Tuesday, June 26, 2007
Paid to regurgitate
I had no sooner posted my note on Al Gore's solicitation for the Democratic Campaign Committee when "Valleywag" (via Romenesko) drew my attention to Microsoft's campaign to corrupt journalism. Valleywag alleged that Microsoft is paying the tech writers of Federated Media to repeat its slogan—something like "Peepee Ready," I believe.
One writer of the group, Om Malik, has gotten all apologetic. He writes—
I have requested Federated Media, our sales partners, suspend the campaign on our network of sites, and they have. We are turning off any such campaigns that might be running on our network. Would I participate in a similar campaign again? Nothing is worth gambling the readers’ trust. Conversational marketing is a developing format, and clearly the rules are not fully defined. If the readers feel a line was crossed, I’ll will defer to their better judgement.
Odd. I thought the line between news and advertising had been fairly well established.

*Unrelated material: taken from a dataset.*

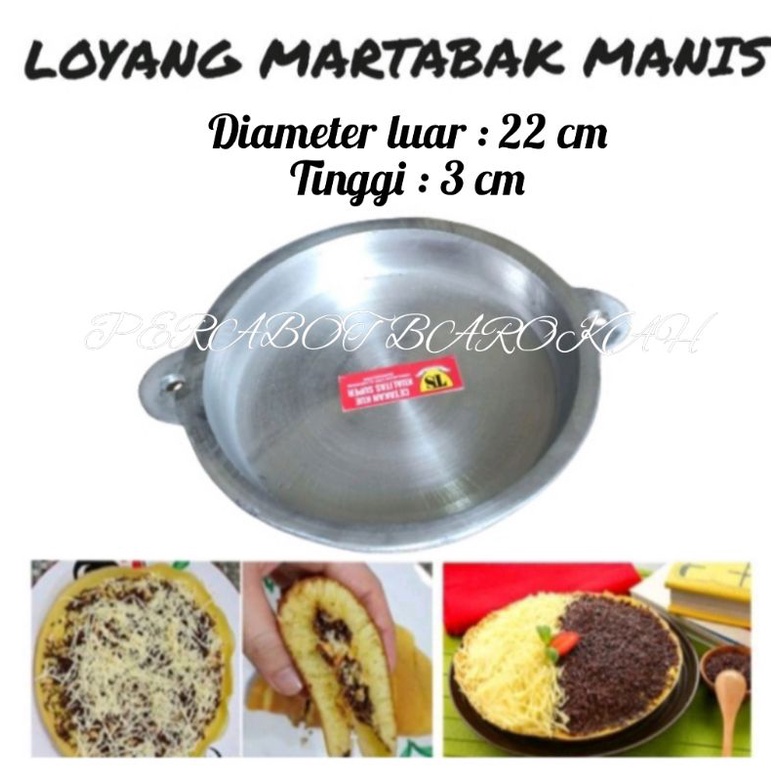 Loyang Martabak Manis 22 Cm Cetakan Kue Wajan Terang Bulan Bagus Tebal bisa dibeli di harga Rp. 50.000,00. Sampai saat ini sudah ada 697 kali dilihat orang. Dari jumlah tersebut 39 sudah memberi tanda love/suka.

The fact of the matter is that the original premise of the campaign was to give my thoughts by what People Ready meant to me – it wasn’t an endorsement of a specific Microsoft product.1 (You can read it here, and judge for yourself.) Nor did my words run in any portion of our editorial space. Microsoft asked us to join a conversation, and we did. I wasn’t paid to participate in the conversation, but Microsoft ran an ad-campaign that paid us on the basis of CPM ["Cost Per Impression," I presume].
Have you ever participated in a "conversation" with Microsoft? Not only are you not paid, you're not even answered.
Another Federated Media writer, Paul Kedrosky, has his own blog titled "Infectious Greed." (Do you think I make this stuff up?) It purports to be about "Technology, Finance, Venture Capital and the Money Culture." Perfect. Here's his contribution to the Microsoft "conversation"—
I’ve always been people ready, but I took a long time getting around to telling myself. Instead, I pretended that I liked working alone, or on small projects, and generally flying solo, all the while wondering what was missing. But then a bunch of things happened at once: Startups! Live television! Public speaking! It was fantastic, and I couldn’t kid myself any more: I had always been people ready, and it was time I told me.
If that's what the Microsoft slogan means, I'm "people ready" too. Yoohoo! Microsoft! Over here!
As Lily Tomlin once said (as best I remember), "I only looked like I had integrity because there were no buyers."
This reminds me that I haven't heard back from the NY Times (other than a message that my email would be passed on to the relevant editor) about a certain news story in which the writer had clearly stretched her wits to make an allusion to a company that was running a major ad campaign. She or her editor then helpfully provided a link to the company's home page even though the story concerned a completely different matter.
Should I enquire again? Is the NY Times "people-ready"?
Related post
A letter: Product placement in the NY Times? (5/3/07)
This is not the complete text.